If the goal is to make the greatest impact on our world, the way we fit into the message today is essential. Why cut corners?

7 comments:

Anthony S. Layne said...

One thing I can suggest is that clothes should be comfortable. Some years back, when I was in fast-food management, one of my coworkers would change into her work pants in the back of the restaurant (okay, modesty violation #1). It was disconcerting to see her try to stuff her already skinny body into a pair of pants at least one size too small. I've also seen women dressed in what a friend mine called "the Cyclops Bra — the bra that lifts and mashes together!" and wrapped in shirts with visible strain marks at the buttons. There's no point in going to so much trouble to emphasize body parts if you're going to die of hypoxia a few minutes later. If anything, dress a size larger.

Emily said...

Love this, Elizabeth! It's good you brought up the Duggars. They bring modesty to a whole new level, but maybe our world needs to see something like that to understand how bad our generation has actually become. Sometimes we really need to think why are we wearing this? Because I believe if everyone really thought about why they were wearing a particular piece of clothing.. our world we be a much more modest place.

Unknown said...

The thing with keeping men's mind in the right place is a two-way street: men have to try not to think about it, and women have to not give them a reason to think about. That being said, wearing swimming dresses is silly.

I like the phrase "brass tacks"- what were you thinking when you used it as a sub-heading?

Unknown said...

You make a really good point about how men can achieve modesty also. It's so true! Men have a power with words over women that must be acknowledged, that's for sure!

Modesty issues caused more than a few strifes in Stephen and I's relationship in the past, both because he didn't realize the power of his words on me, and I didn't acknowledge how strongly my clothing choices were affecting him. It's crazy stuff.

Chloe said...

I appreciate the message you conveyed that modesty for the sake of modesty is missing the boat; it is not necessarily our job to establish “rules”, but to examine our intentions and the likely consequences of our actions. I especially appreciate the quote from the Catechism that “[m]odesty protects the mystery of persons and their love... [and] inspires ones choice of clothing”. If pressed, we all know how to dress modestly and appropriately for given situations in our culture, without a rulebook... sometimes we just need a friendly reminder. :)

Marc Cardaronella said...

I love the path these posts on modesty are taking. It's not about inches and fashion, it's about attitude and intention. You make some very good points in your qualifications for men and women. Men are visually enticed, women have "romance-craving ears." Very well said. Both sexes should be attentive to what they're doing and how they're affecting the other. We are our brother's and sister's keepers.

Unknown said...

I'm very late following up on this...

Great rule of thumb, Tony!

Fabulous, Emily! I constantly need to remember that: I'm going to Mass, why am I wearing this?

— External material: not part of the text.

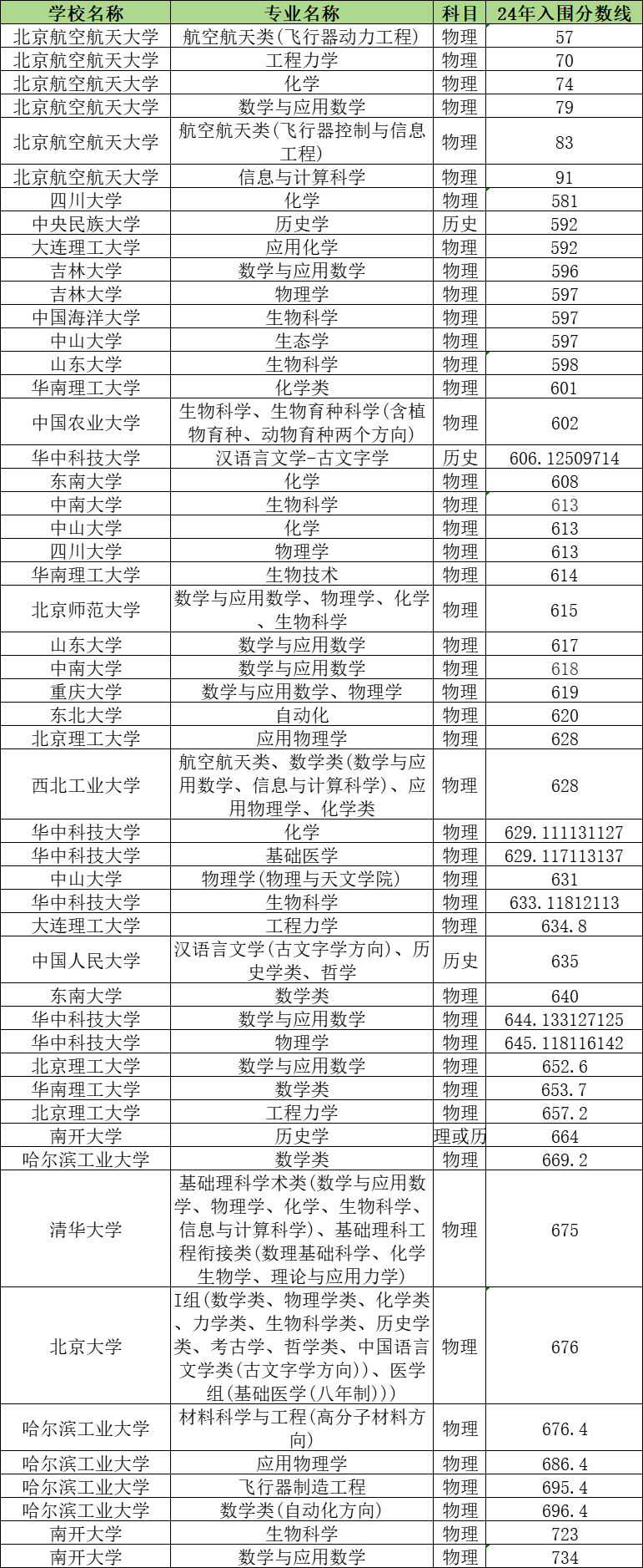 下面是湖北强基计划入围分数线表:

Julie - hahaha That's the "getting down to brass tacks" I was talking about. Two-way street AND swim dresses are silly.

Kendra- precisely! That's why we need to actively respect each other all the time.

Chloe - "If pressed, we all know how to dress modestly and appropriately for given situations in our culture, without a rulebook." That is SO TRUE! We easily convince ourselves to just do what we want to do and chalk it up to "ignorance" because there really isn't a rulebook, but we know. Awesome point!

Bingo, Marc! It's about attitude and intention!